◆ **BRIEF**:
The answer must be only the lines below from the one holding "This upper electrical" down to the one holding "Jogo de Panelas", ends included, printed exactly; please omit all pictures.

◆ **PROVIDED DATA**:
<<<<

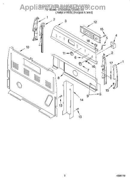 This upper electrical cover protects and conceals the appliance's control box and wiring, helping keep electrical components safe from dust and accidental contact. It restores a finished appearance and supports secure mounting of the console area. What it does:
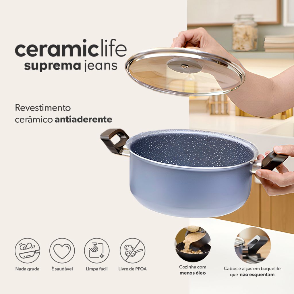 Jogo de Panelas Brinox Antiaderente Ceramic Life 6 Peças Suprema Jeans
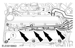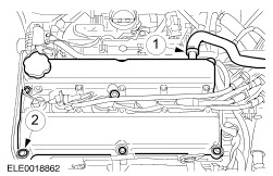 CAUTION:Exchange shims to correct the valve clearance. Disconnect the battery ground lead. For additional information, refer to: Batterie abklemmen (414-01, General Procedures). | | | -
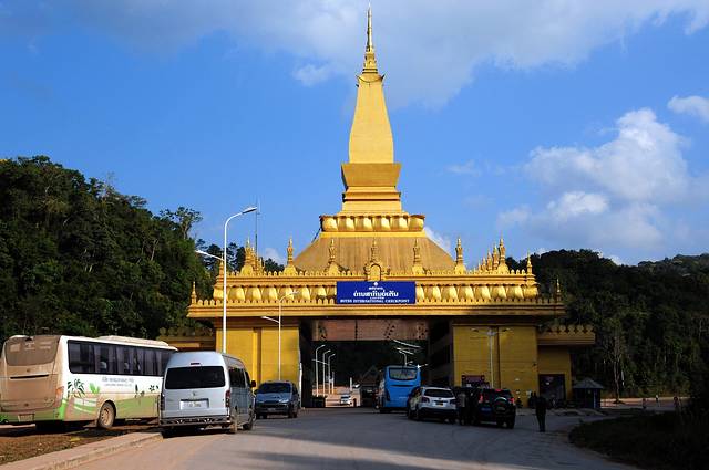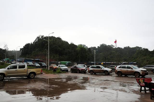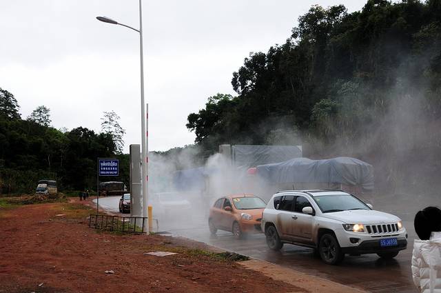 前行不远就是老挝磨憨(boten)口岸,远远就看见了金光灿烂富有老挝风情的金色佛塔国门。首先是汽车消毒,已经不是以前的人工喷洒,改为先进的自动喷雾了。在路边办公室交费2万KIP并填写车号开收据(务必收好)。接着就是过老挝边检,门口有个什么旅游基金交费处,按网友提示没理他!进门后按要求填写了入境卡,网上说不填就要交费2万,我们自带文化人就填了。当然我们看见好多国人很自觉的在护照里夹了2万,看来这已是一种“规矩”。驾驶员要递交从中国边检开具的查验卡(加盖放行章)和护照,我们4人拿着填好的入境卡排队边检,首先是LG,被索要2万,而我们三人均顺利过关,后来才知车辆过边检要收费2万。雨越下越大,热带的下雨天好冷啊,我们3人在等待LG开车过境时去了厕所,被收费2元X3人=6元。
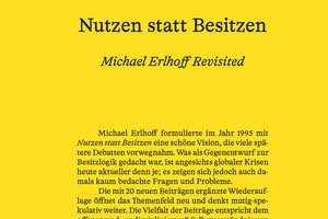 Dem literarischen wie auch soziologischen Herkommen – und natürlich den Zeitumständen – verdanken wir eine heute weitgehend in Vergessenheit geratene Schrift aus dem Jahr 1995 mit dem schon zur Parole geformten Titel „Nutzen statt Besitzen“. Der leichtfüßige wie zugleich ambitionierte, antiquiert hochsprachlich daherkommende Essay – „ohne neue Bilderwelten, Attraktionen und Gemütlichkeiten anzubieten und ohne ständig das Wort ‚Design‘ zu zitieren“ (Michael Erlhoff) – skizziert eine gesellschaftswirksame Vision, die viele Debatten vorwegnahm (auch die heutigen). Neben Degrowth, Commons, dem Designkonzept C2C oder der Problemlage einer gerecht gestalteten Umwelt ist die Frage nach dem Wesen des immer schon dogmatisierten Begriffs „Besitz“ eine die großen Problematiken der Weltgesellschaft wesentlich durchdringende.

>>>>
<<<<

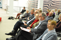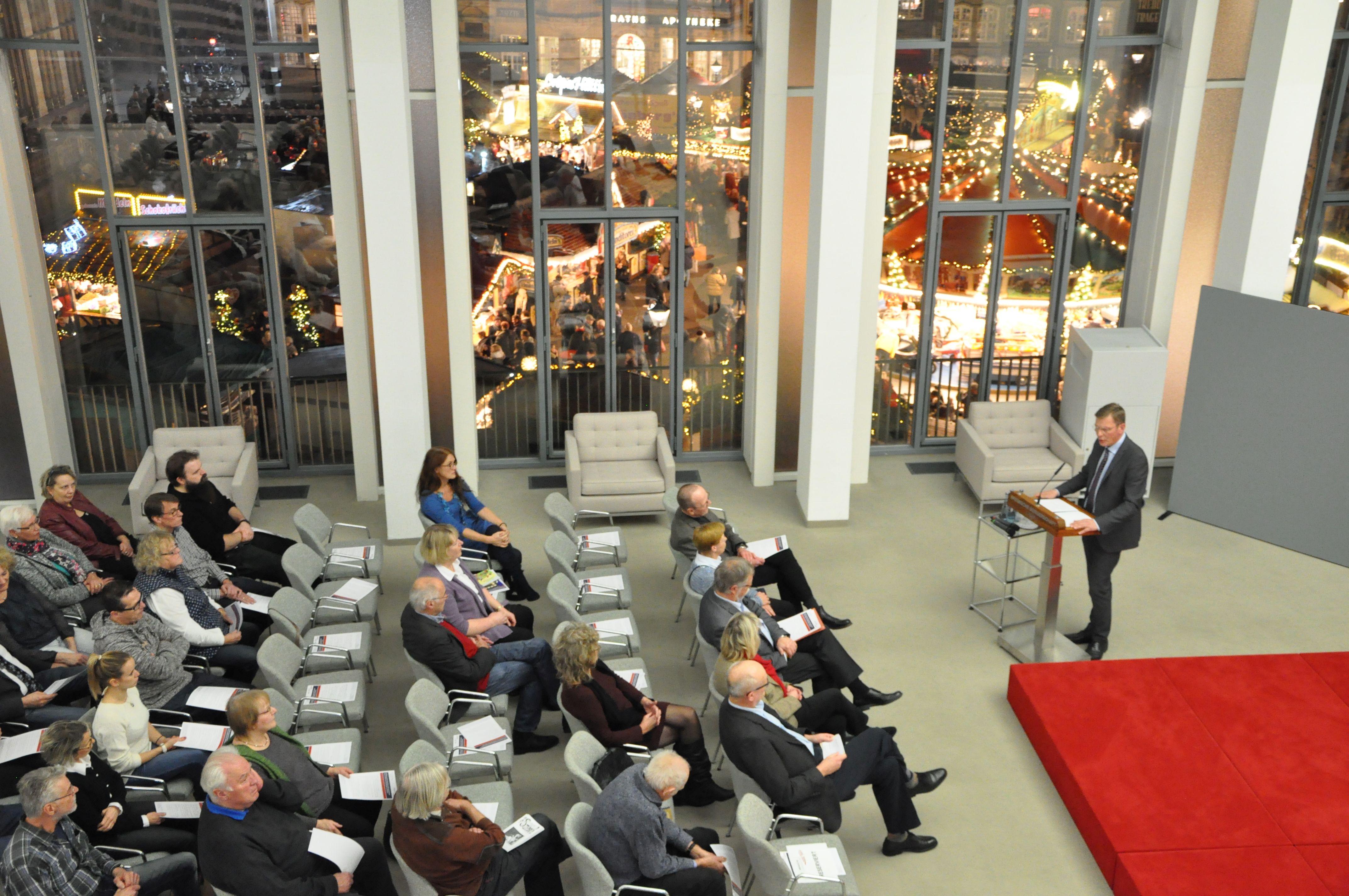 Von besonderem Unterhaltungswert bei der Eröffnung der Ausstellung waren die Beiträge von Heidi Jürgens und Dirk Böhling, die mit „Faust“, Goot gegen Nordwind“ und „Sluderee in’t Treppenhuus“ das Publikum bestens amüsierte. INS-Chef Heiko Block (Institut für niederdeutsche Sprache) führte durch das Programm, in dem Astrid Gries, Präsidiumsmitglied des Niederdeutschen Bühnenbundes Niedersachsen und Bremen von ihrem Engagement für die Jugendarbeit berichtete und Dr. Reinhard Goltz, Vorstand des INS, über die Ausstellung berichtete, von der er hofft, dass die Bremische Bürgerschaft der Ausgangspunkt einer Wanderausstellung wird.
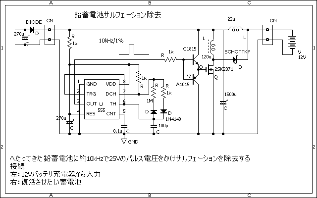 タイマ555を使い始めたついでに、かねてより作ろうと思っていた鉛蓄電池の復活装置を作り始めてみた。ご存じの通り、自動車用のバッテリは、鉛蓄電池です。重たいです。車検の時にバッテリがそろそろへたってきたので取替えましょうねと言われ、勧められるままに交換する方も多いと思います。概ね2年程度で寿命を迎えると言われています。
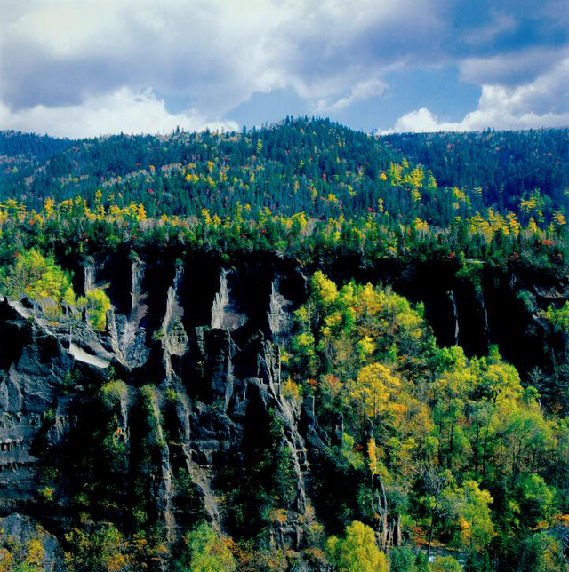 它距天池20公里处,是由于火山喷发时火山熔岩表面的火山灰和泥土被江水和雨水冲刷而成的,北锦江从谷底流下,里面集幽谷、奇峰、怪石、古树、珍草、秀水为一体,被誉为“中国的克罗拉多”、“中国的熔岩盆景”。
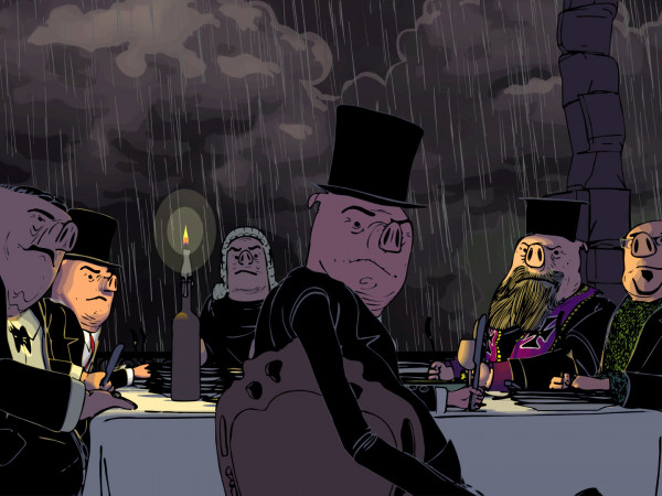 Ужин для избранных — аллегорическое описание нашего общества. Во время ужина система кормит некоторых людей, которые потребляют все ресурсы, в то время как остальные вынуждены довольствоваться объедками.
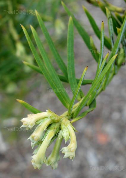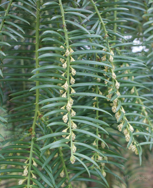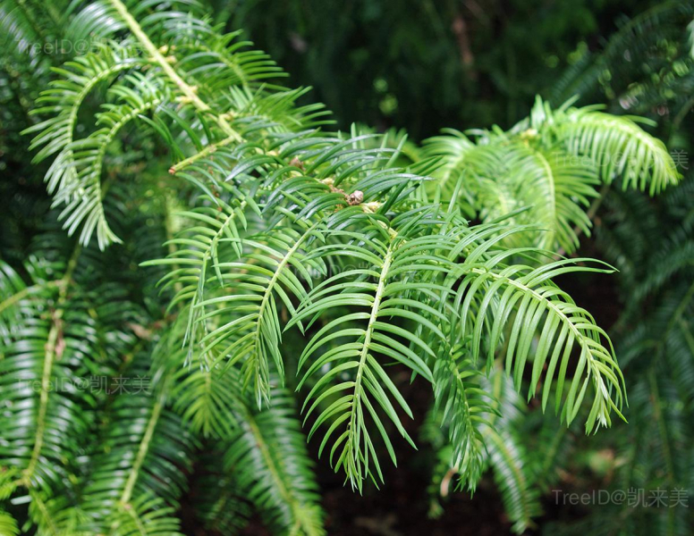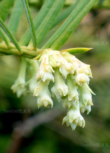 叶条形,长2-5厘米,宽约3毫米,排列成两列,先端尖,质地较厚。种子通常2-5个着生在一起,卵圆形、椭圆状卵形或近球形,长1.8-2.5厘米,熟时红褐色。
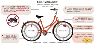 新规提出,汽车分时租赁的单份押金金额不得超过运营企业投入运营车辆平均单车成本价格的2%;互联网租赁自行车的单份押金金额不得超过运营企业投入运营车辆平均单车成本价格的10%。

>>>>

◆ **OUTPUT FOR THIS EXERCISE**:
 This upper electrical cover protects and conceals the appliance's control box and wiring, helping keep electrical components safe from dust and accidental contact. It restores a finished appearance and supports secure mounting of the console area. What it does:
 Jogo de Panelas Brinox Antiaderente Ceramic Life 6 Peças Suprema Jeans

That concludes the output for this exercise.